- Your goal -
Repeat the listing that follows exactly. Pictures are not part of the copy.

- Dataset section -

BEGIN

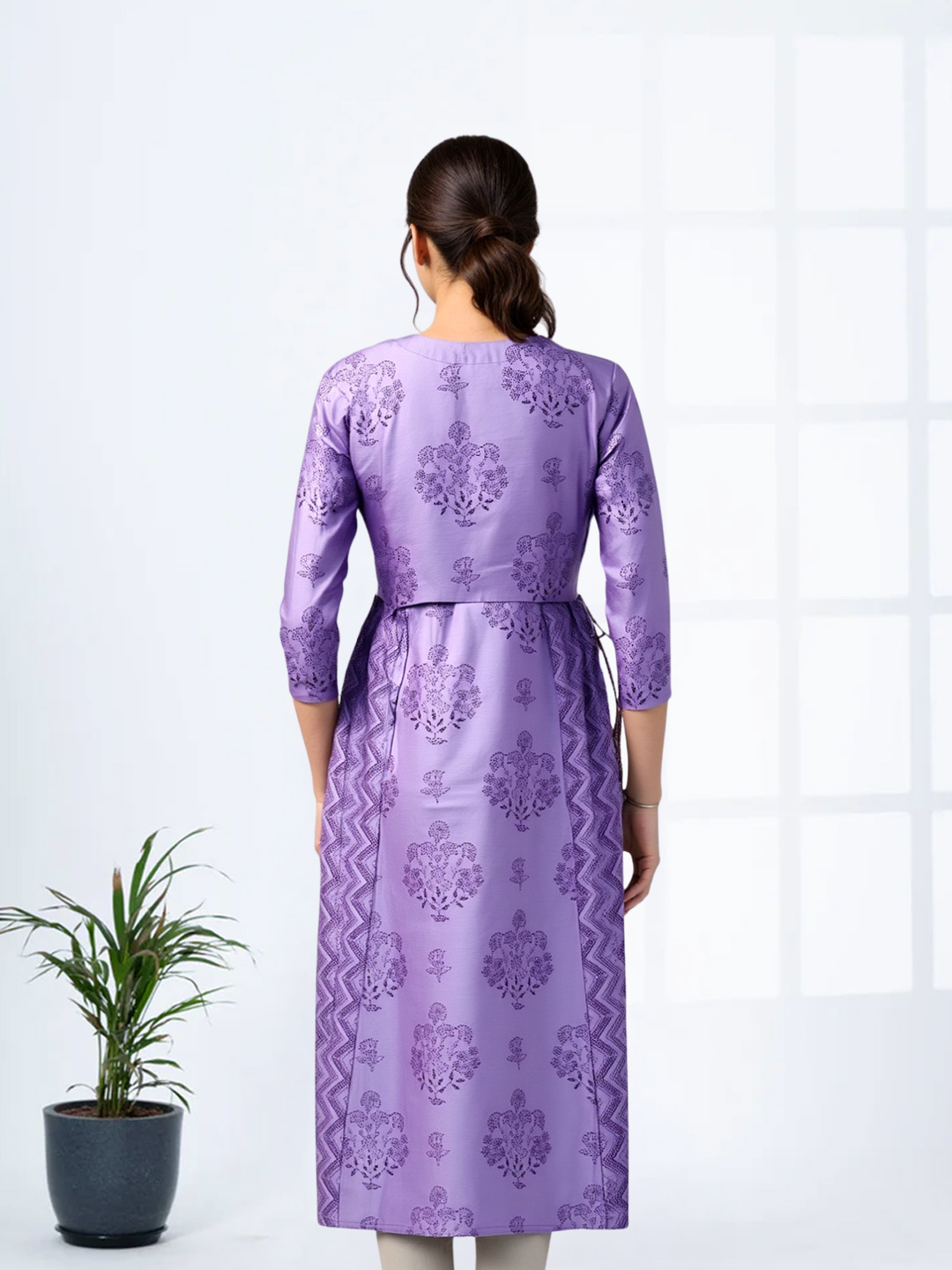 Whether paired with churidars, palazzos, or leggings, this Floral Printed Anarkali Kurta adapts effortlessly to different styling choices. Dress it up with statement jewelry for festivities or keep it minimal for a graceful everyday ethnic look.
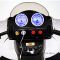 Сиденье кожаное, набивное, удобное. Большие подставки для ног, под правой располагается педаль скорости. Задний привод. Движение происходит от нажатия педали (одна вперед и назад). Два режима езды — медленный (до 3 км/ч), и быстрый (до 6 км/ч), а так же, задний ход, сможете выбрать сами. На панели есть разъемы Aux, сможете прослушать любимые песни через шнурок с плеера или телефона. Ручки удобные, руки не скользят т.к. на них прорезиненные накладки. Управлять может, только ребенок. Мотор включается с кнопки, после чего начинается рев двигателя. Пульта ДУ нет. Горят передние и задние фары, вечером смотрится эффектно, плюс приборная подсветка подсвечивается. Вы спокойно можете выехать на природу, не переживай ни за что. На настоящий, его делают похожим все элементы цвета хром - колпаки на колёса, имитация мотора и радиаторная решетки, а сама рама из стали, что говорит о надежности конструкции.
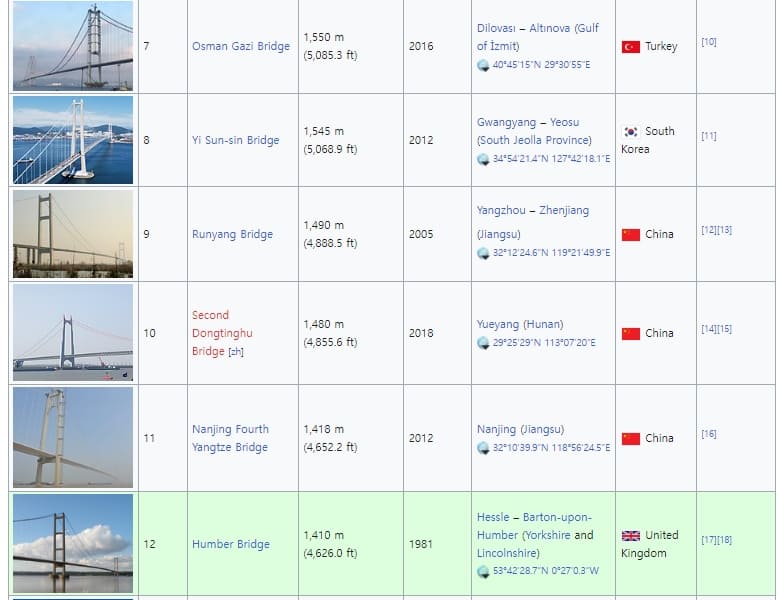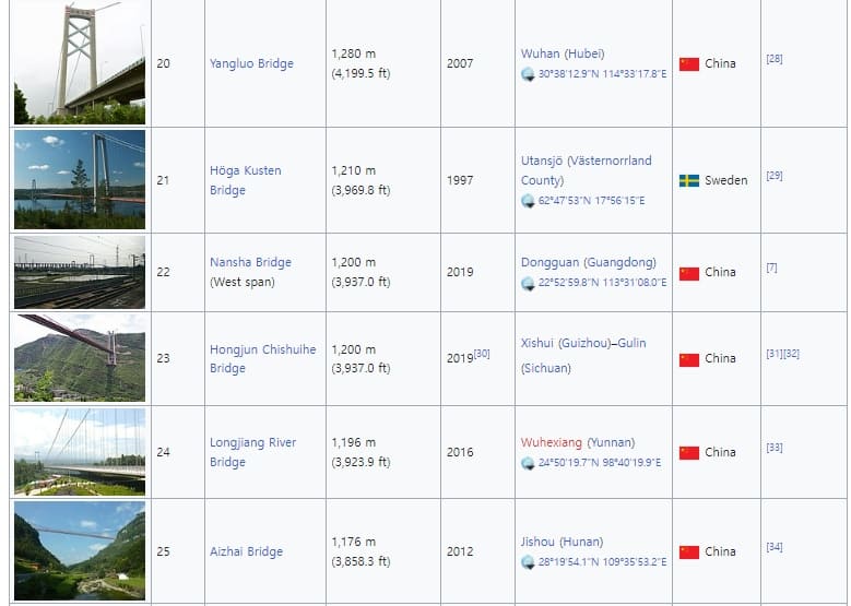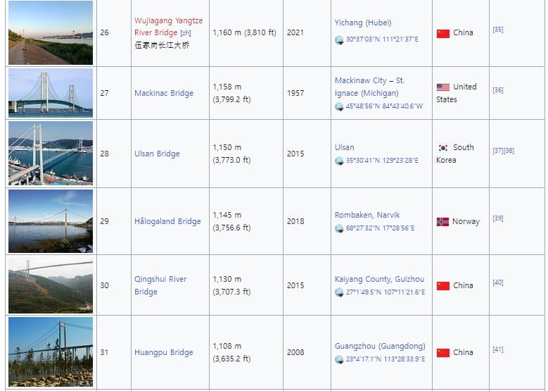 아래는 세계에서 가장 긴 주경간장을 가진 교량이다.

END

- Output for this task -
 Whether paired with churidars, palazzos, or leggings, this Floral Printed Anarkali Kurta adapts effortlessly to different styling choices. Dress it up with statement jewelry for festivities or keep it minimal for a graceful everyday ethnic look.
 Сиденье кожаное, набивное, удобное. Большие подставки для ног, под правой располагается педаль скорости. Задний привод. Движение происходит от нажатия педали (одна вперед и назад). Два режима езды — медленный (до 3 км/ч), и быстрый (до 6 км/ч), а так же, задний ход, сможете выбрать сами. На панели есть разъемы Aux, сможете прослушать любимые песни через шнурок с плеера или телефона. Ручки удобные, руки не скользят т.к. на них прорезиненные накладки. Управлять может, только ребенок. Мотор включается с кнопки, после чего начинается рев двигателя. Пульта ДУ нет. Горят передние и задние фары, вечером смотрится эффектно, плюс приборная подсветка подсвечивается. Вы спокойно можете выехать на природу, не переживай ни за что. На настоящий, его делают похожим все элементы цвета хром - колпаки на колёса, имитация мотора и радиаторная решетки, а сама рама из стали, что говорит о надежности конструкции.
 아래는 세계에서 가장 긴 주경간장을 가진 교량이다.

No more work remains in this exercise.